**DATA SHOWN**
· · · · ·

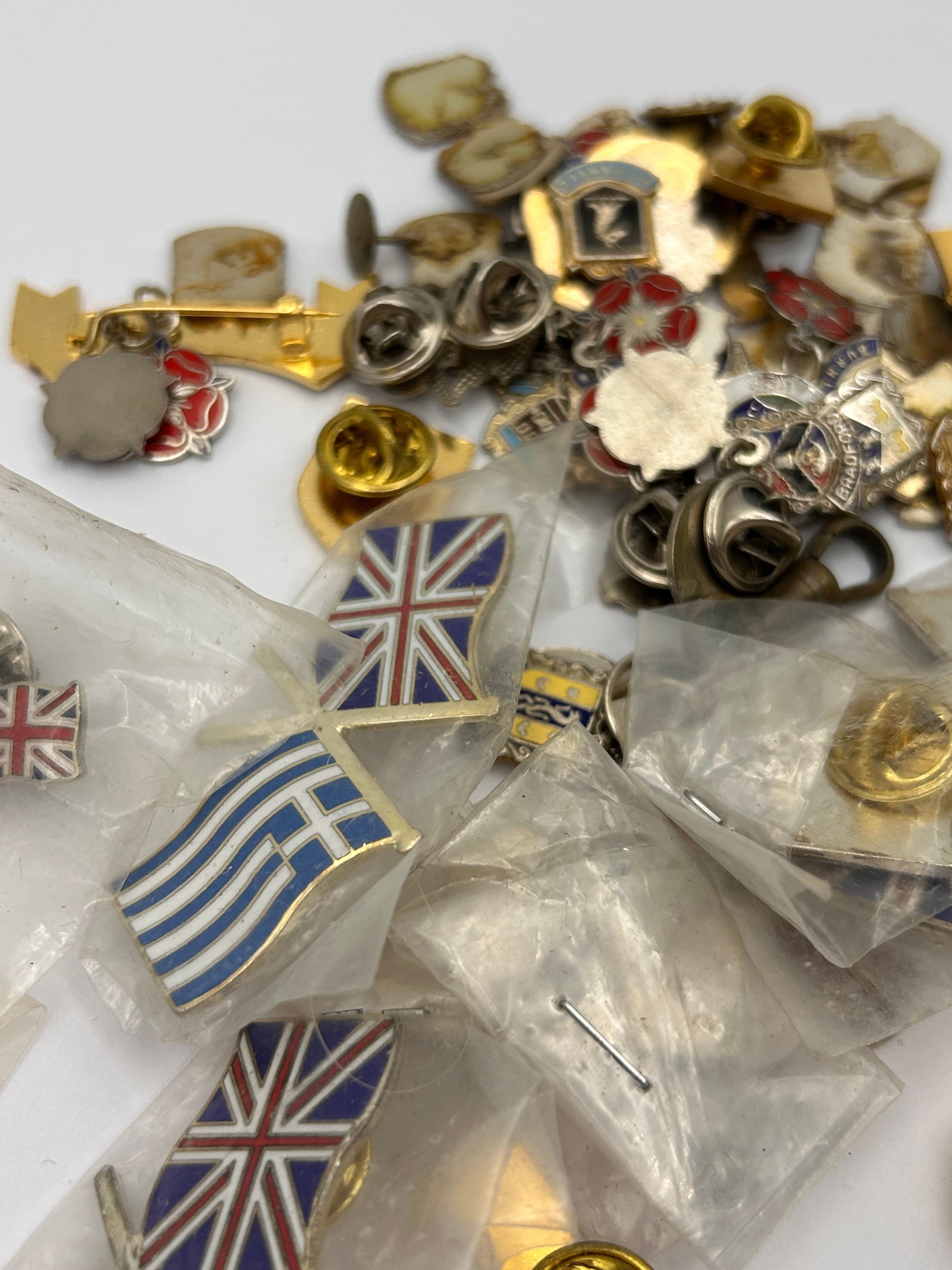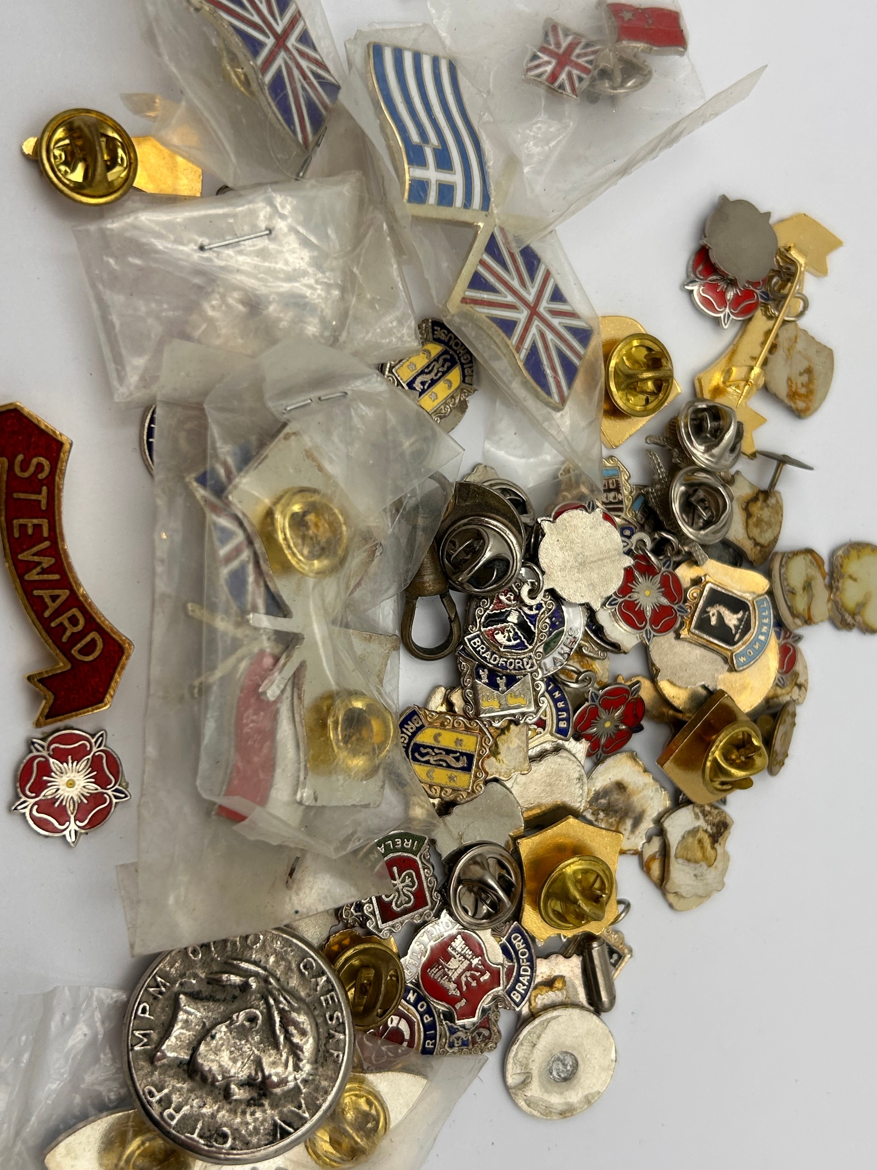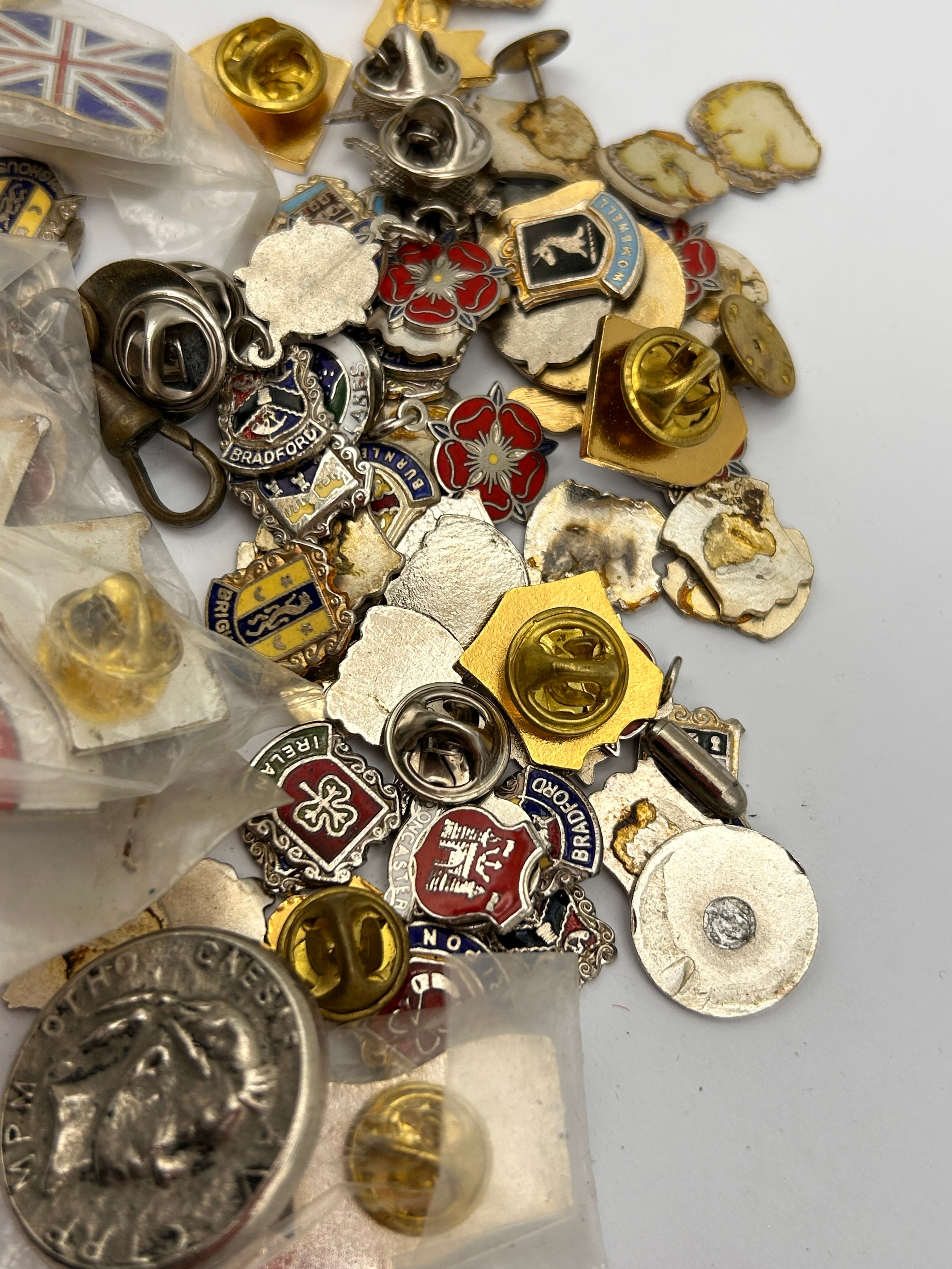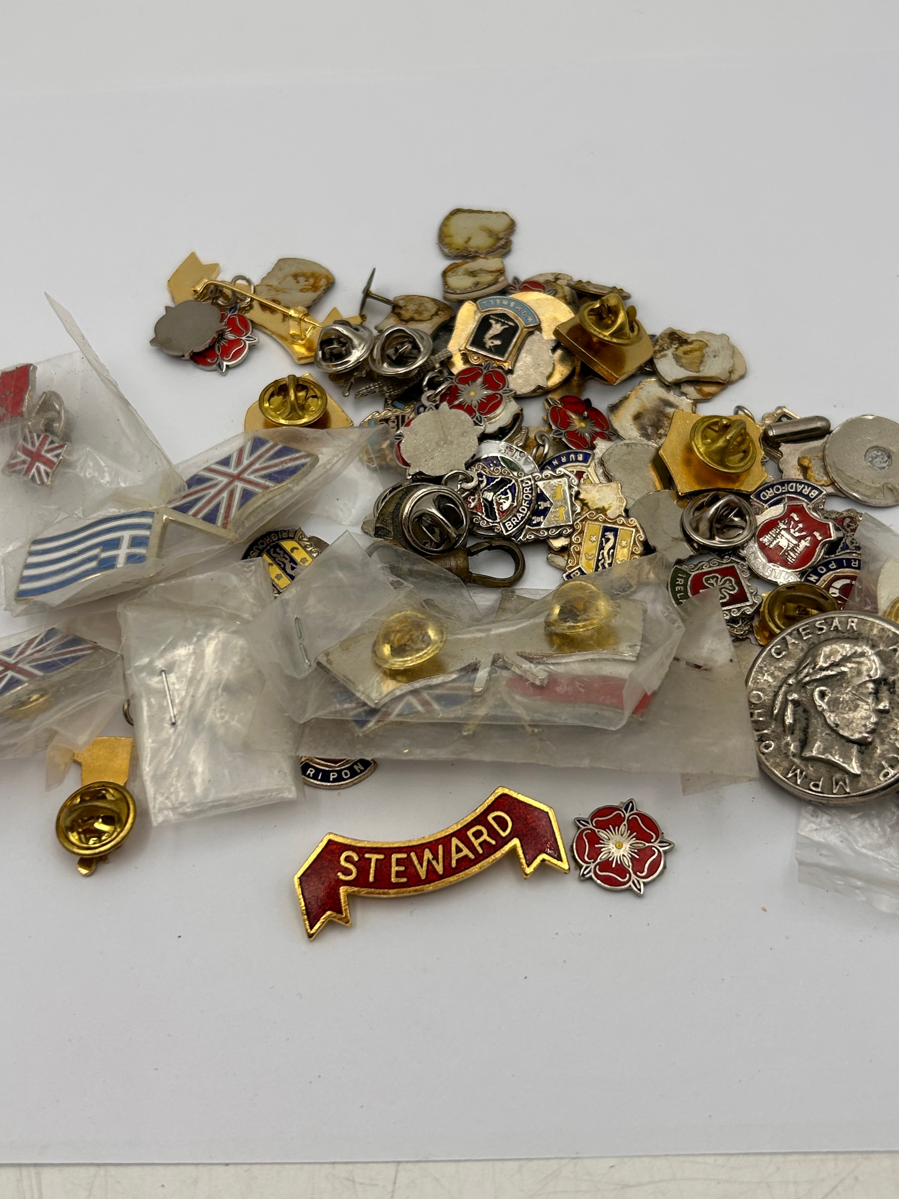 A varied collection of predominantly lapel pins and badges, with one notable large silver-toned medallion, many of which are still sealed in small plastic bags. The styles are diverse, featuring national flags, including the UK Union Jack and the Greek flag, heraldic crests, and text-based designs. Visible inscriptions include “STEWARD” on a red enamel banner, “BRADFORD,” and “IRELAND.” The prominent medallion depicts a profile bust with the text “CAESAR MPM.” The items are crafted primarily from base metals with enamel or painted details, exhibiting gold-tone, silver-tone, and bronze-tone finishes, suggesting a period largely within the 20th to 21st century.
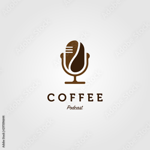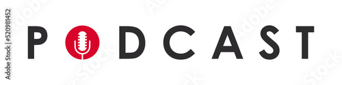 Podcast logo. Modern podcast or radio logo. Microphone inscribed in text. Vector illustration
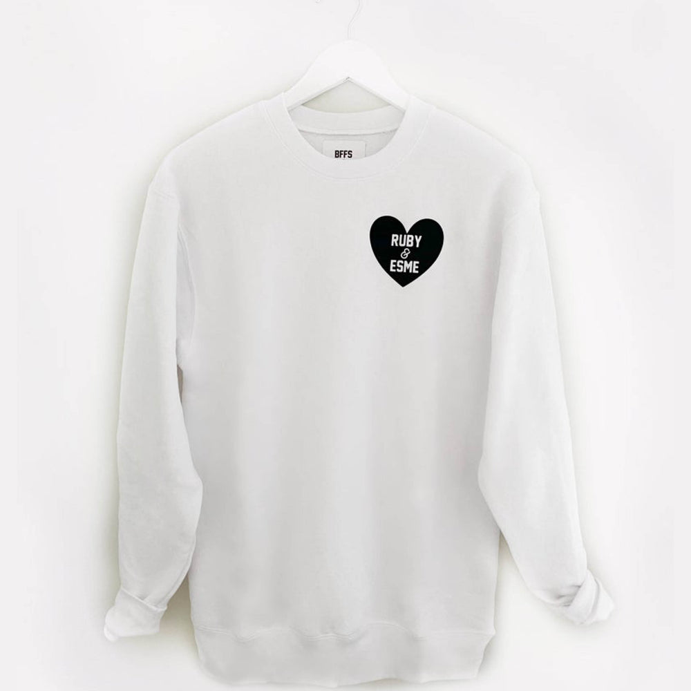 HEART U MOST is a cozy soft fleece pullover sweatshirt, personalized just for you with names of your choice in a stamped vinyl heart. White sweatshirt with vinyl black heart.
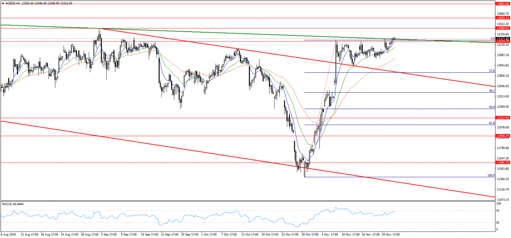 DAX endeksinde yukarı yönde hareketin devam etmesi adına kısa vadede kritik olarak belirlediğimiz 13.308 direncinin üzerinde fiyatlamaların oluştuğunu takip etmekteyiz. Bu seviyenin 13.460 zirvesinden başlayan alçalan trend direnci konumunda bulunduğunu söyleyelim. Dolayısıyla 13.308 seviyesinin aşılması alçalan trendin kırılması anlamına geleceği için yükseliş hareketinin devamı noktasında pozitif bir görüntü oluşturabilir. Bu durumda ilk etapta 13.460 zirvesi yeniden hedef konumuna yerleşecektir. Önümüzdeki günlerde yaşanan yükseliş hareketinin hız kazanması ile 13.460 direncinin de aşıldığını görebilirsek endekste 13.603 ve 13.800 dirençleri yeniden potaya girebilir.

· · · · ·

**PROBLEM**
In transcribing the material above, reproduce each line exactly and include none of the pictures.

**RESPONSE AREA**
 A varied collection of predominantly lapel pins and badges, with one notable large silver-toned medallion, many of which are still sealed in small plastic bags. The styles are diverse, featuring national flags, including the UK Union Jack and the Greek flag, heraldic crests, and text-based designs. Visible inscriptions include “STEWARD” on a red enamel banner, “BRADFORD,” and “IRELAND.” The prominent medallion depicts a profile bust with the text “CAESAR MPM.” The items are crafted primarily from base metals with enamel or painted details, exhibiting gold-tone, silver-tone, and bronze-tone finishes, suggesting a period largely within the 20th to 21st century.
 Podcast logo. Modern podcast or radio logo. Microphone inscribed in text. Vector illustration
 HEART U MOST is a cozy soft fleece pullover sweatshirt, personalized just for you with names of your choice in a stamped vinyl heart. White sweatshirt with vinyl black heart.
 DAX endeksinde yukarı yönde hareketin devam etmesi adına kısa vadede kritik olarak belirlediğimiz 13.308 direncinin üzerinde fiyatlamaların oluştuğunu takip etmekteyiz. Bu seviyenin 13.460 zirvesinden başlayan alçalan trend direnci konumunda bulunduğunu söyleyelim. Dolayısıyla 13.308 seviyesinin aşılması alçalan trendin kırılması anlamına geleceği için yükseliş hareketinin devamı noktasında pozitif bir görüntü oluşturabilir. Bu durumda ilk etapta 13.460 zirvesi yeniden hedef konumuna yerleşecektir. Önümüzdeki günlerde yaşanan yükseliş hareketinin hız kazanması ile 13.460 direncinin de aşıldığını görebilirsek endekste 13.603 ve 13.800 dirençleri yeniden potaya girebilir.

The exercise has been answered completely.